E. Macron a consulté à tours de bras puis a mis un certain temps à appeler M. Barnier. 73 ans, LR, figure éminente de la chiraquie puis ministre de Sarkozy, négociateur du Brexit. Un choix de l’ancien monde quoi ! Pour le chantre du nouveau monde, c’est un paradoxe. Pour le nouveau locataire de Matignon, c’est une sorte de chemin de croix qui commence. Les chemins escarpés de sa Haute-Savoie natale vont lui paraitre d’une platitude crasse ! Il ne lui faudra pas moins de quinze jours pour constituer un gouvernement. Record battu là aussi (8 jours pour Pompidou en 1962) ! On a même vu fleurir une nouvelle catégorie : les ministres imaginaires.

Il fallait être béotien pour s’attendre à autre chose qu’un gouvernement de droite et macroniste (à peine teinté de quelques brebis centristes). Et à la lecture de sa composition, on se rend compte d’abord qu’il est pléthorique (39 membres).
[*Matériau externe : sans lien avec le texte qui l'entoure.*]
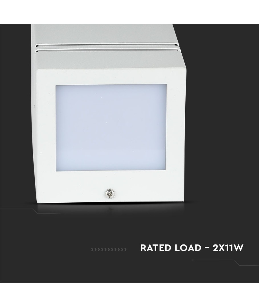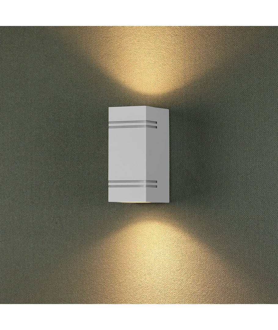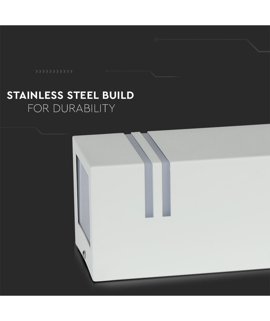 Vägglampan är tillverkad i rostfritt stål och har ett fyrkantigt vitt hus som ger ett modernt intryck. Dess dimensioner är 250 x 85 x 87 mm, vilket ger den en kompakt och stilren profil.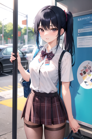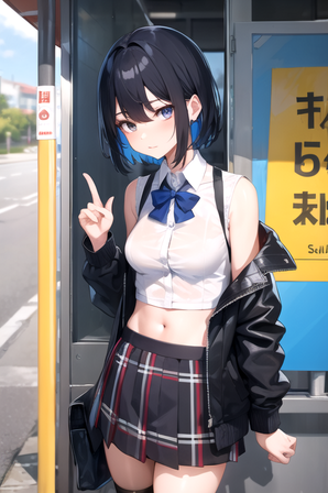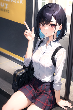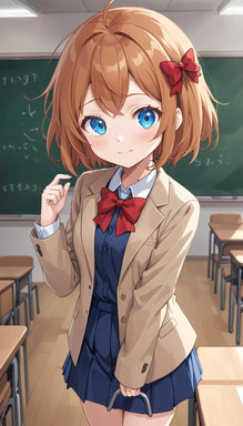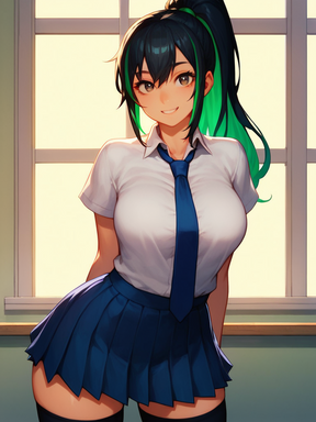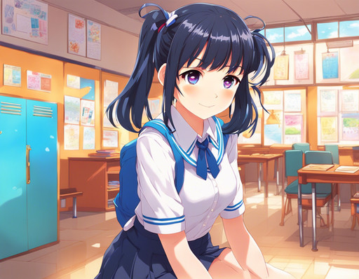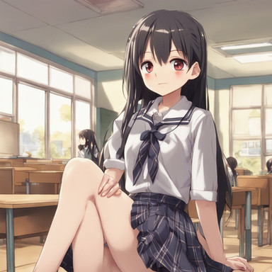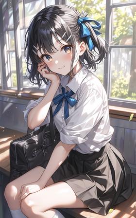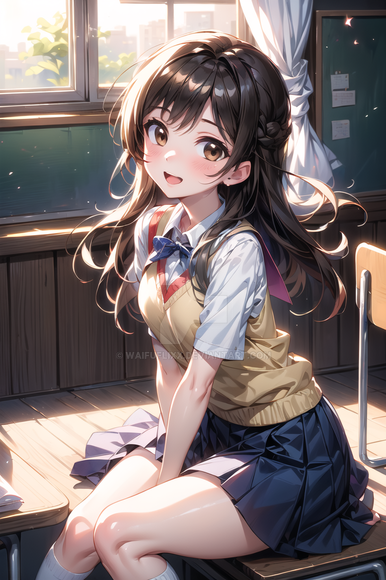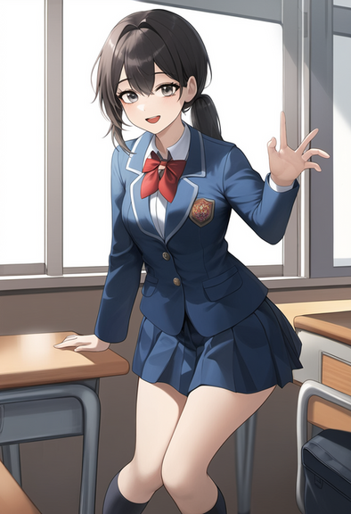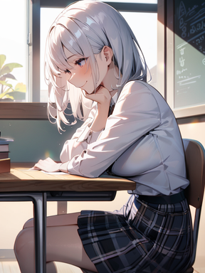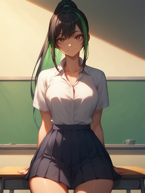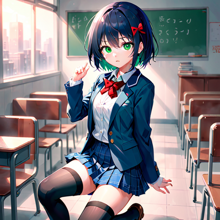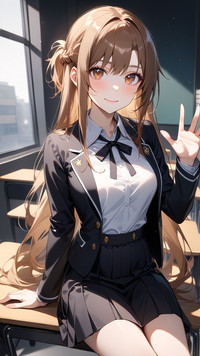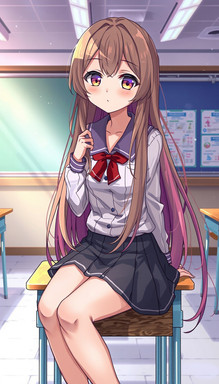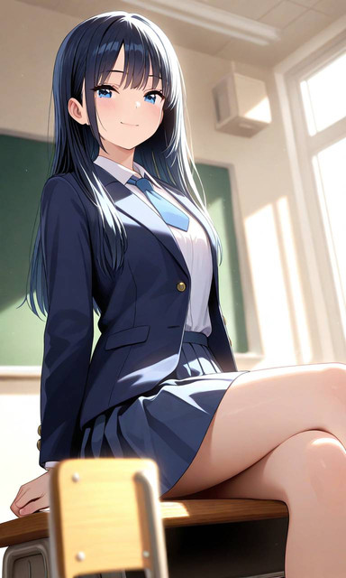 #anime #blue_eyes #classroom #inside #jacket #long_hair #school_uniform #sitting #skirt #anime_girl #looking_at_viewer #one_girl #two_tone_hair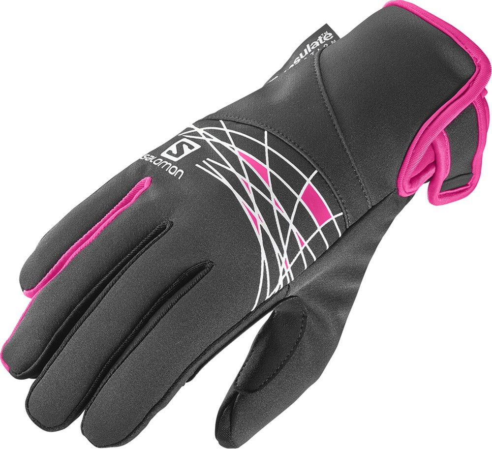 Dámské zateplené rukavice Salomon Thermo black/pink, které jsou určené na běhání nebo na běžky. Rukavice jsou voděodolné a mají Thinsulate zateplení díky čemuž poskytují dokonalou ochranu před vodou a chladem. Syntetická kůže na dlani rukavice zajišťuje lepší držení běžeckých holí.

Qu’il est ensuite composé essentiellement de seconds couteaux (hormis peut-être M. Retailleau).  Également qu’il contient des ministres reconduits (Mmes Dati, Vautrin, Panier-Runacher ; MM. Lecornu, Kasbarian). Du neuf avec du vieux ? !  Conjuration des zéros dit-on ? Dans un contexte très sensible (déficit budgétaire abyssal, insécurité, pouvoir d’achat en berne, services publics en déshérence), on a vu arriver à la tête de certains ministères, des novices absolus. Trois exemples. Mme Genestet, de formation médico-sociale et député LR des Français de l’étranger à l’Education Nationale. « On nous met quelqu’un qui ne connait strictement rien à l’Éducation nationale, qui est manifestement là parce qu’il y a eu une forme de tambouille politicienne pour essayer de tenir les équilibres au sein du bloc central » clame Sophie Vénétitay, secrétaire générale du Snes-FSU.  Tout est dit ! Autre exemple à l’Agriculture, secteur très sensible s’il en est, c’est Mme Genevard, députée LR du Doubs (ancienne proche de F. Fillon). Le gouvernement Attal avait annoncé plus d’1 milliard d’euros de mesures mais la grande loi d’orientation agricole a été neutralisée par la dissolution. Comment cette professeure de Lettres de formation va-t-elle faire face ? Enfin M. Averous (qui est l’homonyme d’un célèbre rugbyman, des années 70, Jean-Luc Averous !) maire de Châteauroux et spécialiste des collectivités territoriales, est nommé au Sport et à la Jeunesse. Il aura à gérer notamment l’après-Jeux. Comprenne qui pourra !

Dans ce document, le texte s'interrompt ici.